FrameDiPT: SE(3) Diffusion Model for Protein Structure Inpainting

Cheng Zhang | Adam Leach | Tom Makkink | Miguel Arbesu | Ibtissem Kadri | Daniel Luo | Liron Mizrahi | Sabrine Krichen | Maren Lang 1 | Andrey Tovchigrechko 2 | Nicolas Lopez Carranza | Ugur Sahin 1 | Karim Beguir | Michael Rooney 2 | Yunguan Fu

1 BioNTech DE | 2 BioNTech US

Published

ABSTRACT

Protein structure prediction field has been revolutionised by deep learning with protein folding models such as AlphaFold 2 and ESMFold. These models enable rapid in silico prediction and have been integrated into de novo protein design and protein-protein interaction (PPI) prediction. However, biologically relevant features dependent on conformational distributions cannot be estimated with these models.

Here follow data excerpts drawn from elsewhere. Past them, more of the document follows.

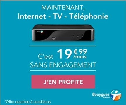 L’offre Bbox de Bouygues Telecom est au prix de 19.99€ et intègre un accès Internet haut débit avec un espace de stockage en ligne de 20Go, la télévision jusqu’à 165 chaines, un enregistreur numérique de 40Go et un accès au catalogue de VOD ainsi qu’à la télévision de rattrapage. Vous profitez également du téléphone illimité vers fixes en France métropolitaine et vers les fixes de 121 destinations internationales.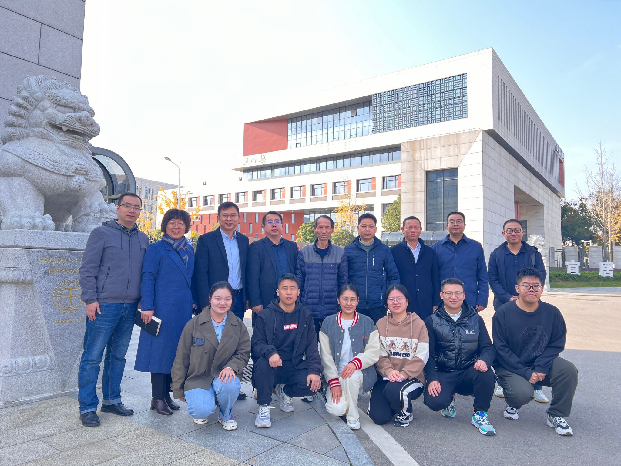 座谈会结束后,与会师生一行来到未来城校区大门合影留念。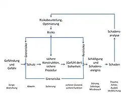 Schutz und Sicherheit sind bei Entwurf oder Analyse eines Systems gemeinsames Ziel einer Risikobeurteilung.[3][4] Ausgangspunkt einer Risikobeurteilung ist die Annahme von Gefahrenquellen. Dabei ist eine Gefahrenquelle der potenzielle oder tatsächliche Ursprung für eine unerwünschte (unfreiwillige und nachteilige) Wechselwirkung eines betrachteten Systems mit seiner Systemumgebung oder innerhalb dieses Systems. Die Berücksichtigung einer solchen Wechselwirkung bei einer Risikobeurteilung macht aus einer Gefahrenquelle eine Schadensquelle. Schaden wiederum ist eine unerwünschte (unfreiwillige und nachteilige) Veränderung des Zustands oder einer oder mehrerer Funktionen eines Systems oder der Systemumgebung, auch Veränderung einer oder mehrerer vorhandener, aber nicht genutzter Funktionalitäten eines oder mehrerer Systemelemente.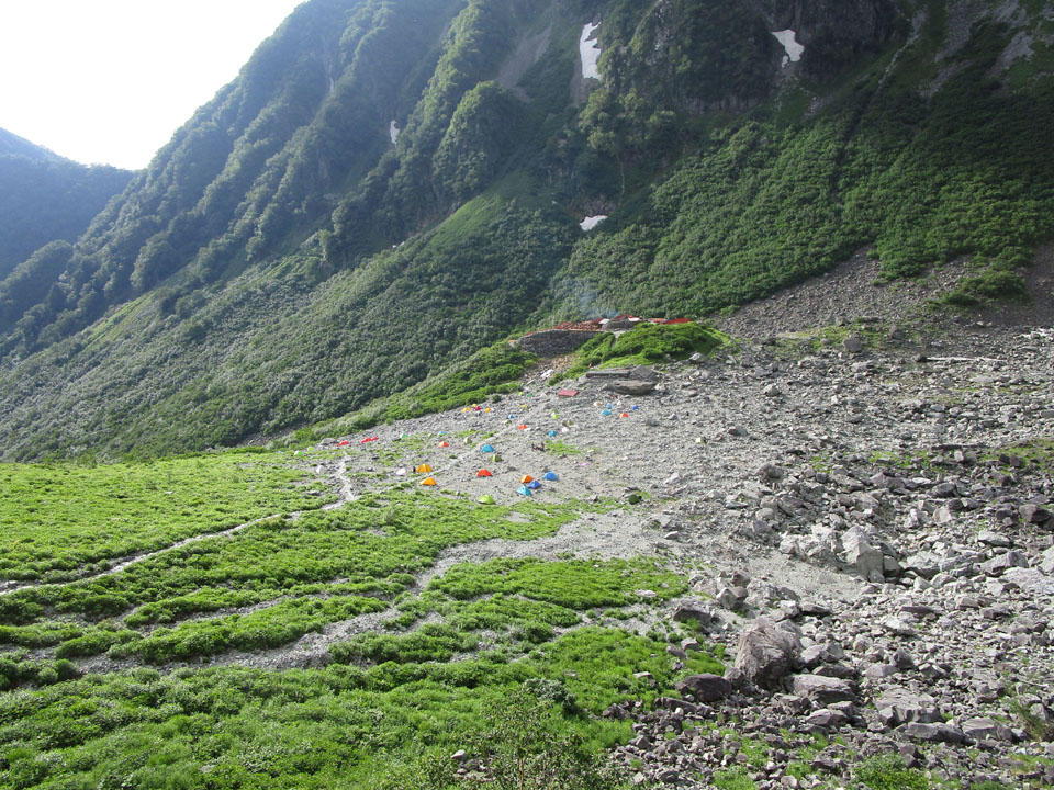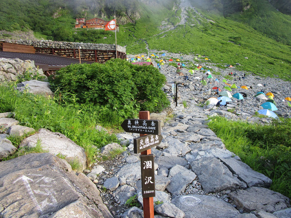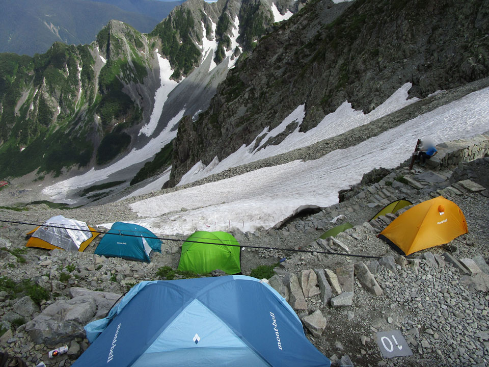 穂高岳山荘のテント場は今年から予約制が解除され先着順のため、

Diffusion models, a novel class of generative models, have been developed to learn conformational distributions and applied to de novo protein design. Limited work has been done on protein structure inpainting, where a masked section is recovered by simultaneously conditioning on its sequence and the rest of the structure. In this work, we propose FrameDiff inPainTing (FrameDiPT), a generalised model for protein inpainting. This is important for T-cells given the hyper-variability of the complementarity determining region (CDR) loops. We evaluated the model on CDR loop design for T-cell receptors and achieved comparable prediction accuracy to ProteinGenerator and RFdiffusion with limited training data and learnable parameters. Different from deterministic structure prediction models, FrameDiPT captures the conformational distribution at different regions and binding states, highlighting a key advantage of generative models.